Students report professor

One of Chen’s last broadcasts was from the newly built prefabricated hospital in Wuhan, which he had reached on a borrowed electric motor scooter, and which he described as “not fit to house infectious disease patients, as it was obviously designed to be a battlefield hospital.”

In a video posted about the events of Jan. 29, Chen had already expressed concerns that the authorities were on his trail.

“I have the coronavirus in my face, and the entire law enforcement system of China on my tail,” he said. “But I will carry on reporting from Wuhan for as long as I am still alive.”

“If I’m not afraid to die, why would I fear the Communist Party?”

Wuhan University philosophy professor Zhou Xuanyi was recently reported to the authorities by his students after posting to the Weibo social media site that the government hadn’t been quick enough to tell people about the coronavirus threat.

He was reported for “questioning the Communist Party” and “hating his own country,” according to recent social media posts.

Meanwhile, authorities in Beijing fired visiting lecturer and Hong Kong resident Zhou Peiyi after she made “inappropriate remarks” via her WeChat social media account about the ruling Chinese Communist Party’s management of the coronavirus epidemic.

Zhou Xuanyi’s words had “violated guidelines on the professional behavior of college teachers in the new era,” a notice from her employer, the Chinese Academy of Social Sciences, said.

Zhou’s contract was terminated and she was notified on Feb. 7, it said.

Incapable of transparency

Constitutional scholar Zhang Lifan said the government has once more proved itself incapable of transparency.

“They only want to report good news, and tell us not to worry so that we receive positive energy,” Zhang said. “The authorities haven’t learned their lesson: they have instead violated the constitution, human rights, and even humanitarian principles.”

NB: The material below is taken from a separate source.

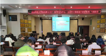 为提高课堂教学的实效性,培养员工主动学习的习惯,促进教师教学水平的全面提升,12月1日下午,williamhill威廉希尔官网特邀西南科技大学博士徐迅来院作《以员工为中心——主动学习策略提升课堂效率》专题报告。报告会由williamhill威廉希尔官网副经理乔欢欢主持,全体教职工聆听了报告。
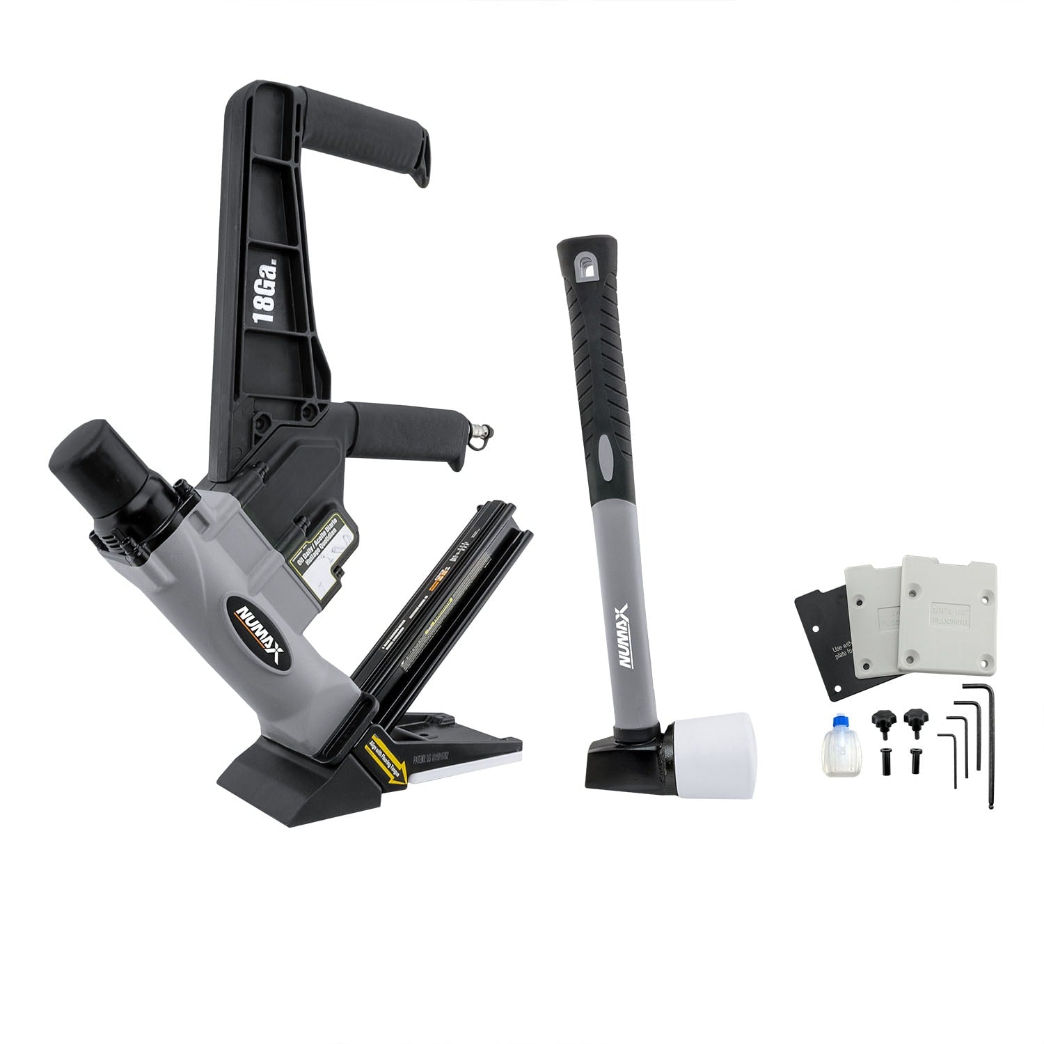 L-cleat dual handle flooring nailer includes a fiberglass mallet with a padded grip and rubber head, 3 interchangeable base plates, air tool oil and adjustment tools and is covered by Numax 1-year limited warranty and 30-day wearable parts warranty.

Today‘s China is an upgraded version of the novel ‘1984,’” he said.

Police in Nanjing have also detained pro-democracy activist and former university lecturer Guo Quan, fellow activist Ai Wu told RFA.

“We are guessing that maybe he’s in criminal detention, because there are indications from the police that he will be held for 30 days,” Ai
said.

The detentions come after the death from coronavirus of whistleblowing Wuhan doctor Li Wenliang, who was questioned and harassed by police for “spreading rumors,” after speaking out about a SARS-like virus in the early days of the epidemic, when more could have been done to contain it.

Writer Ye Du and other activists recently penned an open letter to premier Li Keqiang, calling on the country’s cabinet, the State Council, to order officials in Hubei to apologize publicly to Li and seven other medical staff accused of rumor-mongering.

“China lacks freedom of speech and the rights of its citizens are not protected or respected,” Ye told RFA. “It is not in the interest of this regime to do this.”